* Problem to solve: Copy every line of the data exactly, keeping out any picture.

* Source material:

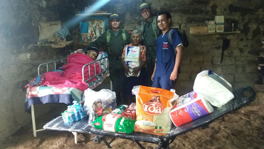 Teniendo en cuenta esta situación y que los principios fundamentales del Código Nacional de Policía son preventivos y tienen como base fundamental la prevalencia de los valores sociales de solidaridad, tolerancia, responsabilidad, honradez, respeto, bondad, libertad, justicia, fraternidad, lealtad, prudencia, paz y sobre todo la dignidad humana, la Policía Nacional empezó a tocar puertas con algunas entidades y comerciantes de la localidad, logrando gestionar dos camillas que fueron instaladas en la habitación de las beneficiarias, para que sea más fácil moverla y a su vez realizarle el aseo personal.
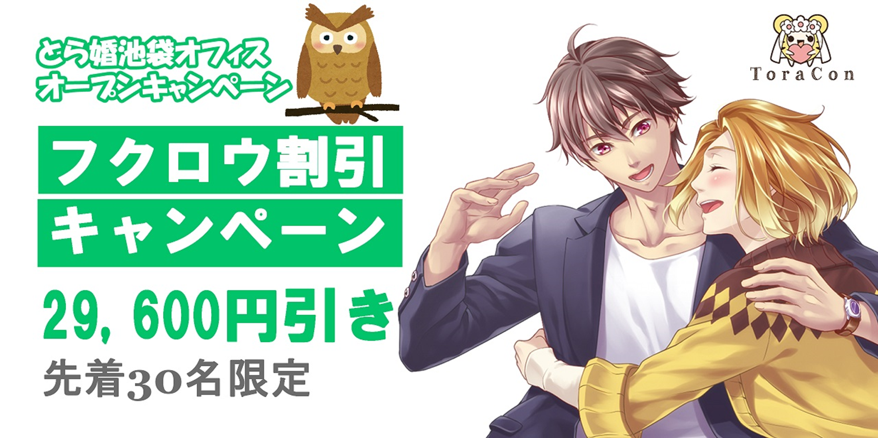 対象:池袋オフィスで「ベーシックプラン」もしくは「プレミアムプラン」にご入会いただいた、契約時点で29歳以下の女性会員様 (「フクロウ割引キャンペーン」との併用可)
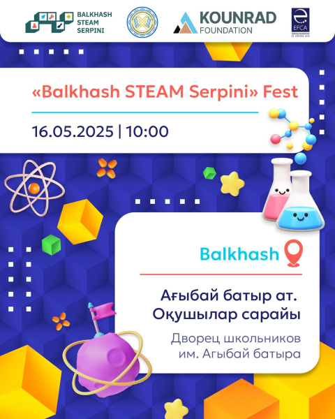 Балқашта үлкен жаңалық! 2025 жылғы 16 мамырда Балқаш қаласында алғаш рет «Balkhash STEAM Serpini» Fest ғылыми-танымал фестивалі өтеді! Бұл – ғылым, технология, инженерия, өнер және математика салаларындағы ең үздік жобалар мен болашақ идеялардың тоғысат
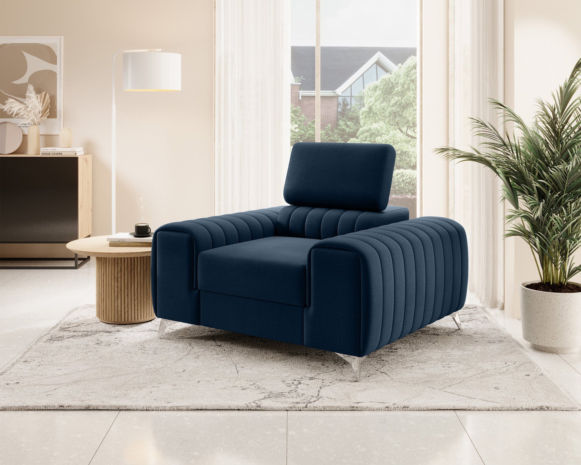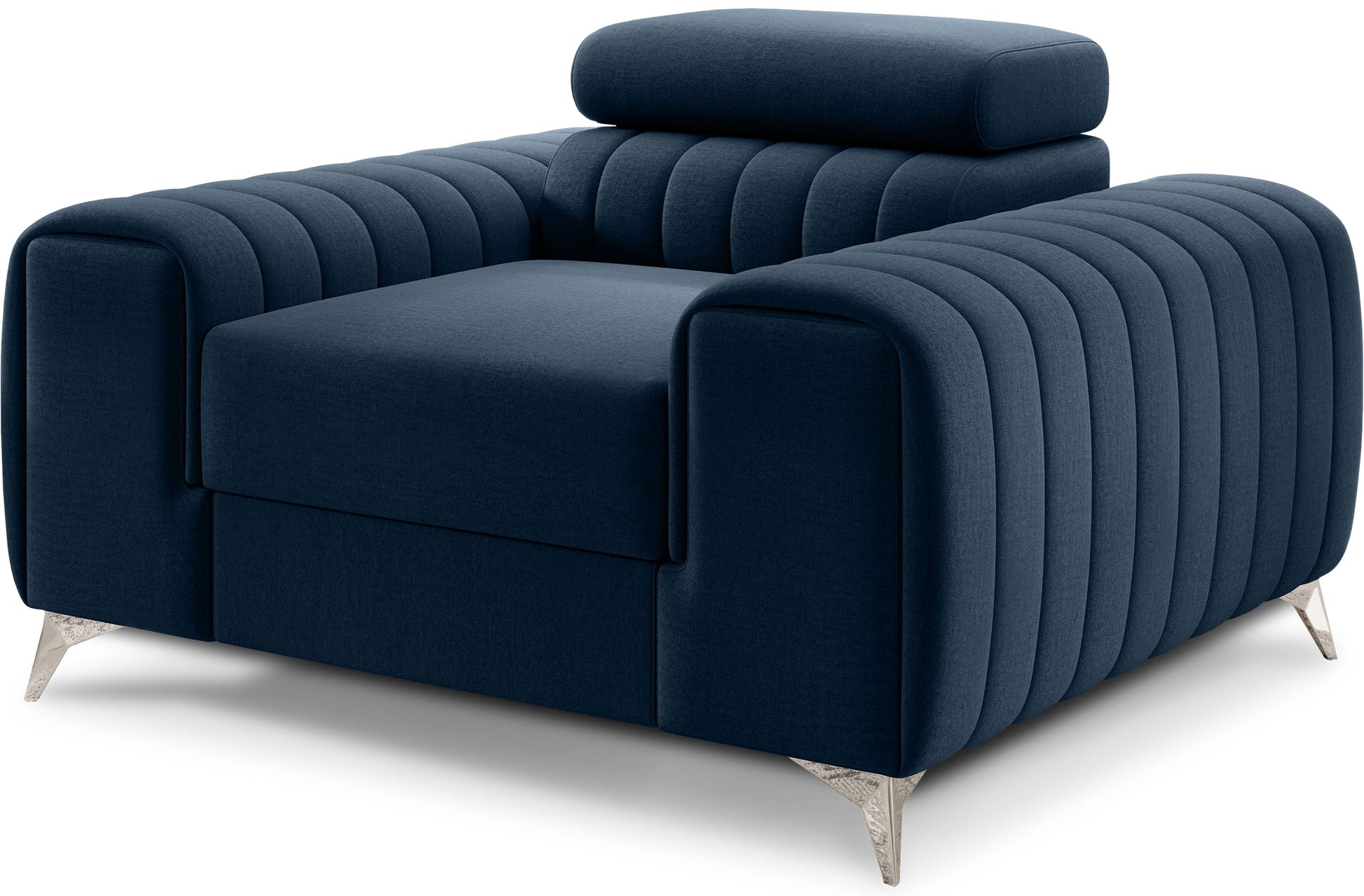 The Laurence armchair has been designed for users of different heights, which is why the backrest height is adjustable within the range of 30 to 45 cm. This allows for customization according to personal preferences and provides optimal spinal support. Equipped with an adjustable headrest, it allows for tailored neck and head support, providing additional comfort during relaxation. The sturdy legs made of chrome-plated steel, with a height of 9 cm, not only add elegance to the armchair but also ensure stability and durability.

* The answer:
 Teniendo en cuenta esta situación y que los principios fundamentales del Código Nacional de Policía son preventivos y tienen como base fundamental la prevalencia de los valores sociales de solidaridad, tolerancia, responsabilidad, honradez, respeto, bondad, libertad, justicia, fraternidad, lealtad, prudencia, paz y sobre todo la dignidad humana, la Policía Nacional empezó a tocar puertas con algunas entidades y comerciantes de la localidad, logrando gestionar dos camillas que fueron instaladas en la habitación de las beneficiarias, para que sea más fácil moverla y a su vez realizarle el aseo personal.
 対象:池袋オフィスで「ベーシックプラン」もしくは「プレミアムプラン」にご入会いただいた、契約時点で29歳以下の女性会員様 (「フクロウ割引キャンペーン」との併用可)
 Балқашта үлкен жаңалық! 2025 жылғы 16 мамырда Балқаш қаласында алғаш рет «Balkhash STEAM Serpini» Fest ғылыми-танымал фестивалі өтеді! Бұл – ғылым, технология, инженерия, өнер және математика салаларындағы ең үздік жобалар мен болашақ идеялардың тоғысат
 The Laurence armchair has been designed for users of different heights, which is why the backrest height is adjustable within the range of 30 to 45 cm. This allows for customization according to personal preferences and provides optimal spinal support. Equipped with an adjustable headrest, it allows for tailored neck and head support, providing additional comfort during relaxation. The sturdy legs made of chrome-plated steel, with a height of 9 cm, not only add elegance to the armchair but also ensure stability and durability.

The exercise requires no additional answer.